Diogenes Laërtius tells us that when Plato was transported to Aegina to be sold as a slave, he was arrested and was going to be executed without a trial:

And Pollis took him to Aegina and there offered him for sale. And then Charmandrus, the son of Charmandrides, indicted him on a capital charge according to the law in force among the Aeginetans, to the effect that the first Athenian who set foot upon the island should be put to death without a trial. This law had been passed by the prosecutor himself, according to Favorinus in his Miscellaneous History. But when some one urged, though in jest, that the offender was a philosopher, the court acquitted him. There is another version to the effect that he was brought before the assembly and, being kept under close scrutiny, he maintained an absolute silence and awaited the issue with confidence. The assembly decided not to put him to death but to sell him just as if he were a prisoner of war.

Diogenes Laertius, Lives of Eminent Philosophers. R.D. Hicks, Ed.

A law that calls for executing Athenians on sight doesn't make much sense, especially in times of peace. Aegina is very close to Athens, and although it had been antagonistic in the past its naval power had declined by Plato's lifetime. I don't see why the people of Aegina would risk retaliation by executing or even putting to trial Athenian citizens without proper cause.

Am I missing something? Is the story, as told by Laërtius, plausible at all?


Well, the story does contain an insurmountable logical contradiction: how can anyone be prosecuted according to a law which stipulates "death without a trial"?
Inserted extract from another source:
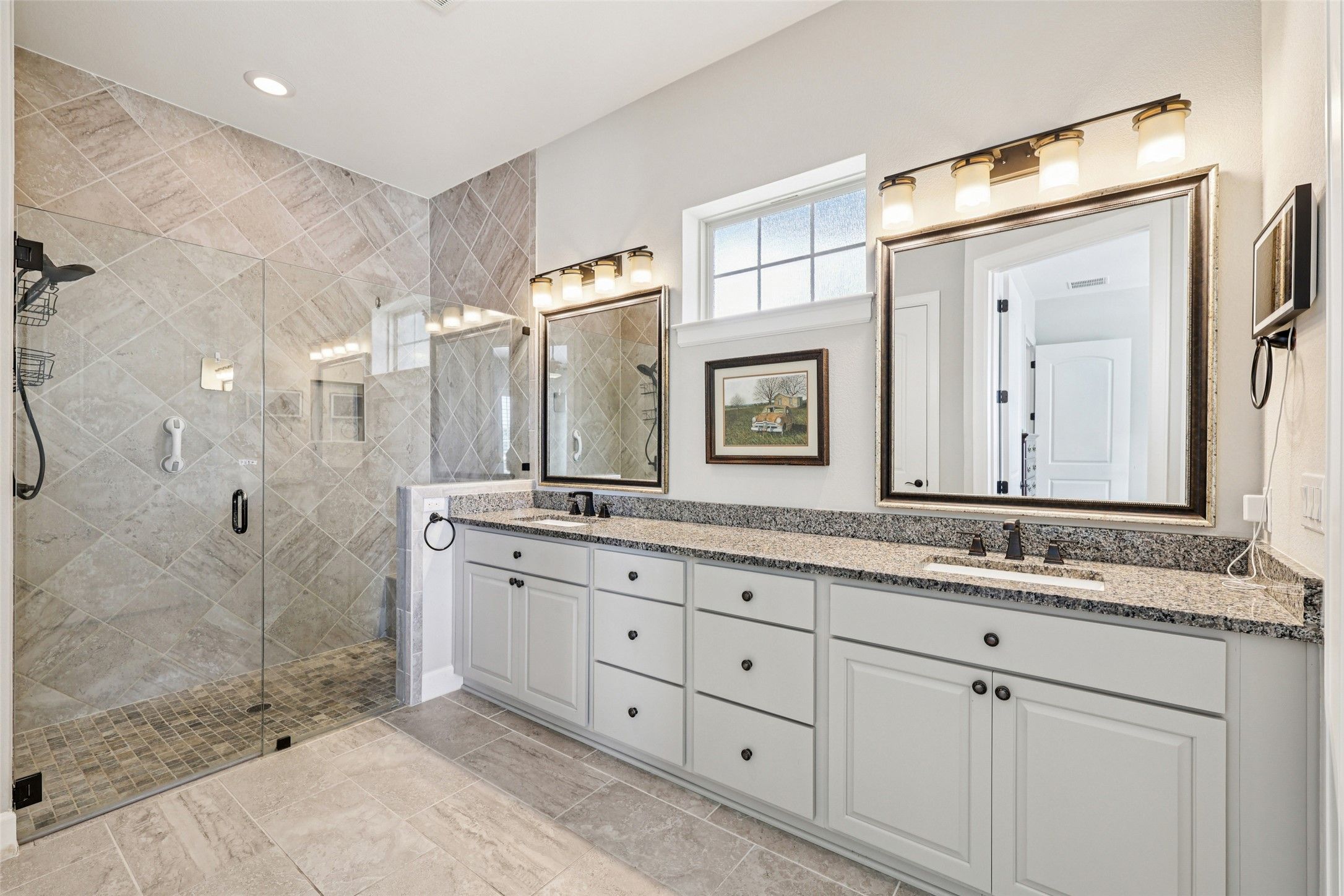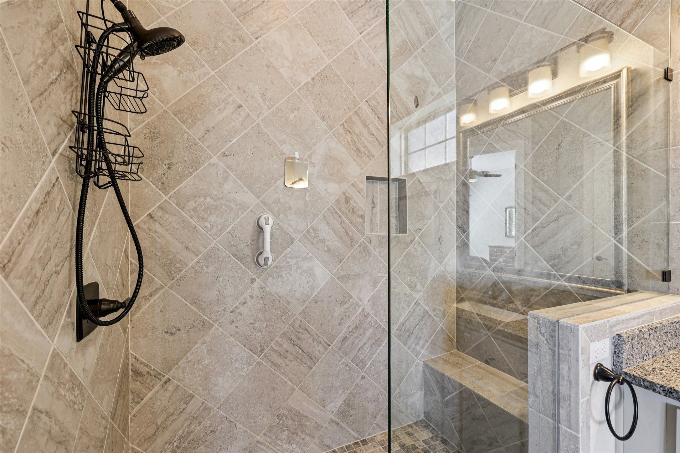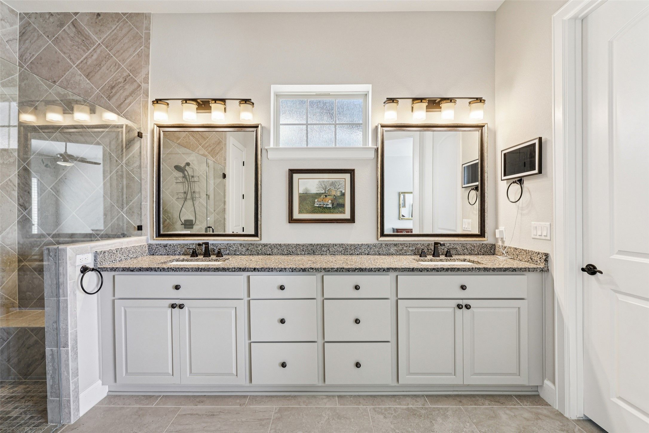 - Breakfast Bar, Ceiling Fan(s), Double Vanity, Granite Counters, High Ceilings, Kitchen Island, Main Level Primary, NoInteriorSteps, Open Floorplan, Pantry, Recessed Lighting, Walk-In Closet(s), Wired for Sound

However, I think that there is a large kernel of truth in the story, because the events described would have been taking place shortly after the Peloponessian War, in which the pre-existing very sour relations between Athens and Aegina reached new heights:

By the terms of the Thirty Years' Peace (445 BC) Athens promised to restore to Aegina her autonomy, but the clause remained ineffective. During the first winter of the Peloponnesian War (431 BC) Athens expelled the Aeginetans and established a cleruchy in their island. The exiles were settled by Sparta in Thyreatis, on the frontiers of Laconia and Argolis. Even in their new home they were not safe from Athenian rancour. A force commanded by Nicias landed in 424 BC, and killed most of them. At the end of the Peloponnesian War Lysander restored the scattered remnants of the old inhabitants to the island, which was used by the Spartans as a base for operations against Athens during the Corinthian War. Its greatness, however, was at an end. The part which it plays henceforward is insignificant.

So, yes, Aegina would have been a very dangerous place for an Athenian to find himself in.

  • 1
    I see. Pollis, who took Plato to Aegina, was a Spartan diplomat, which also alludes to Spartan influence.